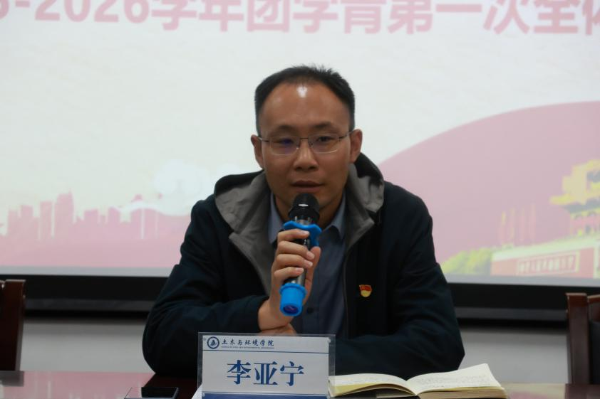 为加强团学青队伍建设,激发学生成长潜能,提升其主观能动性与责任意识,进一步发挥学生骨干在广大学生中的示范引领作用,近日,土木与环境学院在09A405召开2025-2026学年团学青第一次全体例会。土木与环境学院党委副书记李亚宁、团委书记邢澄、22级辅导员王嘉威、23级辅导员陈俊生以及第二十七届团学青全体成员参加。
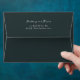 This wedding envelope features a sleek, minimalist design with a solid black background and elegant white text. The typography is refined, using a clean serif font that adds sophistication to the layout. Centered perfectly, the design emphasizes clarity and simplicity, making it ideal for formal invitations or communications. Its understated charm conveys professionalism while maintaining an inviting tone, suitable for any special occasion.
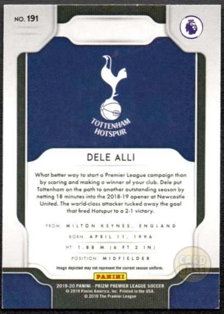 Dele Alli Tottenham Hotspur football card from the 2019-20 Panini Prizm Premier League collection. Base card #191 from the set shows the English midfielder. Prismatic chromium finish.
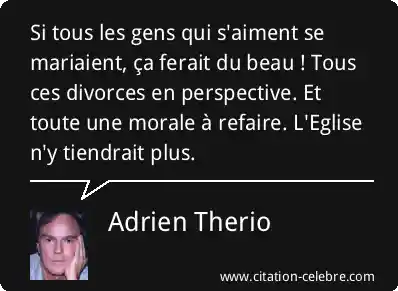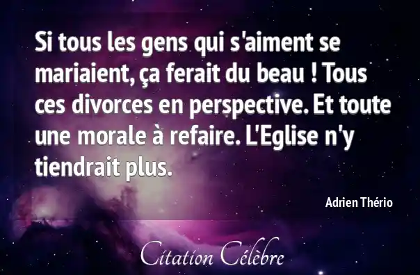 Si tous les gens qui s'aiment se mariaient, ça ferait du beau ! Tous ces divorces en perspective. Et toute une morale à refaire. L'Eglise n'y tiendrait plus.

▬▬▬▬▬▬▬▬▬▬

To do: Both the line containing "Dele Alli Tottenham" and the last line of the listing above belong in the copy, along with every line between them; retype them exactly and omit the pictures.

Solution:
 Dele Alli Tottenham Hotspur football card from the 2019-20 Panini Prizm Premier League collection. Base card #191 from the set shows the English midfielder. Prismatic chromium finish.
 Si tous les gens qui s'aiment se mariaient, ça ferait du beau ! Tous ces divorces en perspective. Et toute une morale à refaire. L'Eglise n'y tiendrait plus.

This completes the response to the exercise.